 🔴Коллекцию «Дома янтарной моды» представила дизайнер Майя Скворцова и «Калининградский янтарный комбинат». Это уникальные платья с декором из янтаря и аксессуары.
·····
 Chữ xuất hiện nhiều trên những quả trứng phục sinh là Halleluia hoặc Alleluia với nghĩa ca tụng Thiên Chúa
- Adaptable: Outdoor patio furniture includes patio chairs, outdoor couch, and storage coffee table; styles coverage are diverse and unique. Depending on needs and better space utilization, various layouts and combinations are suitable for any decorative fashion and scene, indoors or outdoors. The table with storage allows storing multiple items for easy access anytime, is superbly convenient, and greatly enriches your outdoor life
·····
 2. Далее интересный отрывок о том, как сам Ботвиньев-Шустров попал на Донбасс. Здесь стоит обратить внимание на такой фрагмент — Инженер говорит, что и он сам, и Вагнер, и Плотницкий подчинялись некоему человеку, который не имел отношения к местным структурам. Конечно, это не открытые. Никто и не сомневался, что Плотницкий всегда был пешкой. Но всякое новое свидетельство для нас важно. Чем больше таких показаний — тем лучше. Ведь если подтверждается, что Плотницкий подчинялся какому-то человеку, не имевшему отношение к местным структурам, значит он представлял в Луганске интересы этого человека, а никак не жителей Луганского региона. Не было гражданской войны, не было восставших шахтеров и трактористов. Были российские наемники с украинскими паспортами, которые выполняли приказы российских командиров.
·····
Among the entries above, the lines between the ones containing "Chữ xuất hiện" and "- Adaptable: Outdoor", inclusive, are to be transcribed exactly. No other line is to be given.

 Chữ xuất hiện nhiều trên những quả trứng phục sinh là Halleluia hoặc Alleluia với nghĩa ca tụng Thiên Chúa
- Adaptable: Outdoor patio furniture includes patio chairs, outdoor couch, and storage coffee table; styles coverage are diverse and unique. Depending on needs and better space utilization, various layouts and combinations are suitable for any decorative fashion and scene, indoors or outdoors. The table with storage allows storing multiple items for easy access anytime, is superbly convenient, and greatly enriches your outdoor life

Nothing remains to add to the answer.